How women plot to get seats in House

Business

By Moses Njagih

In an effort to stave off a possible constitutional crisis next year, the electoral body and a women’s lobby have proposed a formula to ensure at least 33 per cent of all elective posts are held by women. The plan is to rotate women representation among the constituencies using a formula developed by the Interim Independent Electoral Commission and the Women Political Alliance.

This is to meet the requirement of Articles 27(8) and 81(b) of the Constitution that say neither gender should hold more than 66 per cent (two-thirds) of all elective public bodies and appointive positions.

It has been the IIEC’s fear that Kenya’s history of entrenched discrimination that skewed political and other representation in favour of men, might ensure that next year’s General Election misses the benchmark set by the new laws resulting in a constitutional crisis.

The formula is 72+53=125, where 72 women will be selected to join the National Assembly. The current 290 constituencies will be clustered in groups of four based on proximity. Each group will cast lots to decide which one will front a woman candidate in the election to pick the woman candidate.

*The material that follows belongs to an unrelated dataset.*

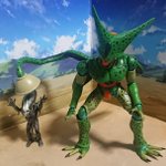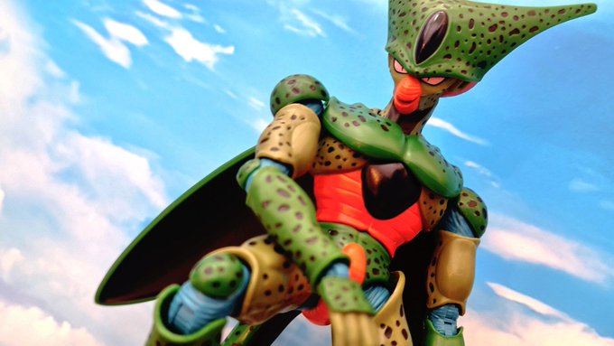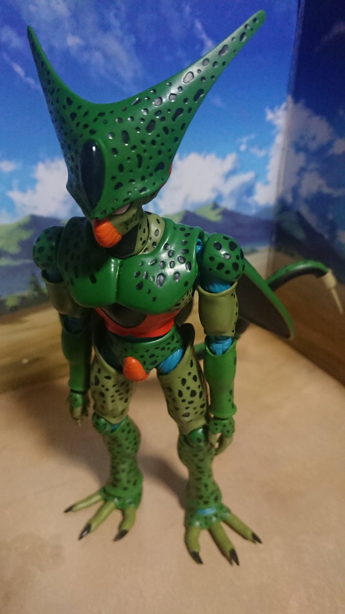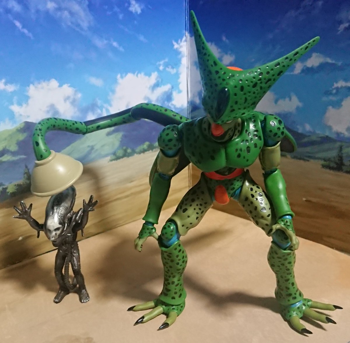 アーツのセル第一形態買ってしまいました😁🎶 やっぱ第一形態がカッコいい✨ 目を見開いたときに干渉するので別バージョンの頭が付いてるこだわりよう😅 交換途中はアフロっぽい☺️ #フィギュアーツ写真部 #セル
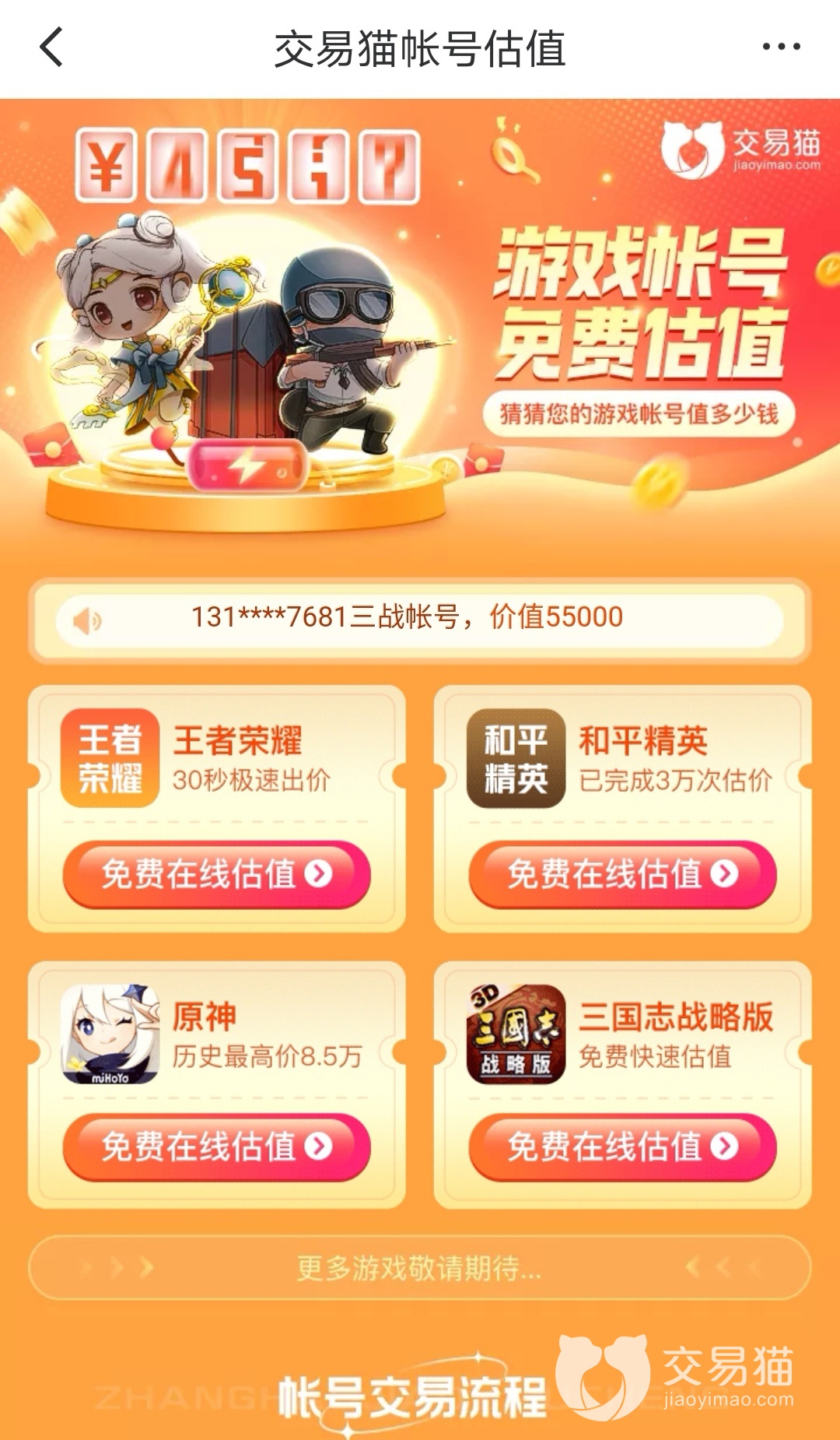 提到交易猫大家可能都知道在江湖上有他的传说,而且交易猫的活跃用户非常多,算作是国内比较早一批的账号交易平台了,所以他已经有非常丰富的经验和较为完备的系统,因为活跃用户多,所以每天能够在交易猫完成的成交率和出售率也很高,接下来就让小编带着小伙伴们来认识交易猫。

In addition, the Article 97(b) of the Constitution provides that an additional 47 women must be elected by the counties with "each county constituting a single member constituency" bringing the total to 119. Another 6 women will be nominated by political parties to represent youth, people with disabilities and workers.

This will see the total representation of women in the new Parliament reach 125 members.

The women, in a communiquÈ presented to IIEC Chairman Isaack Hassan said this would ensure each of the clustered constituencies produces a woman representative for Parliament.

According to the proposal, the lot would again be cast among the remaining three constituencies at the end of the Parliament’s term, until each gets to send a woman to Parliament.

The women even worked on the mathematics of the seats by

"It is universally accepted that the one-third principle for representation is the critical mass for effective participation. It is the critical mass of women needed to influence decisions. Therefore clustering of constituencies into groups of four gives us a realistic percentage and a formula that is widespread for attaining the principle of not more than two third principle representation," the women stated in their communiquÈ.

They termed their proposal as realistic, and urged the electoral body to give it a serious consideration as they seek to ensure compliance with the new laws.

"It is realistic and brings Kenyans closer to achieving the principle that not more than two thirds of elective or appointive bodies (in this case parliament) are of the same gender," they said.

rotation

They argued that the system does not affect the political composition of Parliament because each party has the right to field a woman candidate in the constituency, but said the methodology on how the rotation will be carried out will be left to the electoral body.

The women argued that since the balloting to determine which constituency to be reserved for women will be done before the elections, it will give male candidates ample time to vie for any other elective post in the affected constituency.

They said the system would ensure patriarchal communities, which will otherwise not give women a chance to represent them, are forced to elect one.

But Gender and Children Minister Naomi Shaaban, who accused the alliance of selectively looking at the law in their quest to push for the affirmative principle, dismissed the radical proposal.

Shaaban claimed the proposal is unconstitutional because it is discriminative against male candidates in contravention of Article 97(2) of the Constitution.

"It cannot even get to the floor of the House. We must not get ourselves in crisis by making proposals that are in themselves unconstitutional," she said.

Compliance

The minister said the women selectively read Article 27 (8) to further their case, ignoring other parts of the same article that outlaws any form of discrimination.

"My advice is that we should not be emotional in handling this issue to a point of making proposals that are unconstitutional. If that proposal would be fronted it would be thrown out before going anywhere," she said.

The minister said the only way to cure the problem would be in amending Articles 97 and 98 to provide an express law that would ensure compliance in elective positions of both the National Assembly and the Senate.

On her part Special Programmes Minister Esther Murugi said she would have first to look at the proposal of clustering constituencies, but added that any proposal must not contravene the Constitution.

"Modalities have to be worked out on how the principle can be achieved without going against the law," said the Nyeri Town MP.

Murugi, however, said it might require the Government to set aside specific constituencies for women candidates if they fail to offer their candidature for financial implications.

"That is what happens in Uganda and Rwanda and if need be we should also adopt the same system here in Kenya to ensure compliance with the law," said Murugi.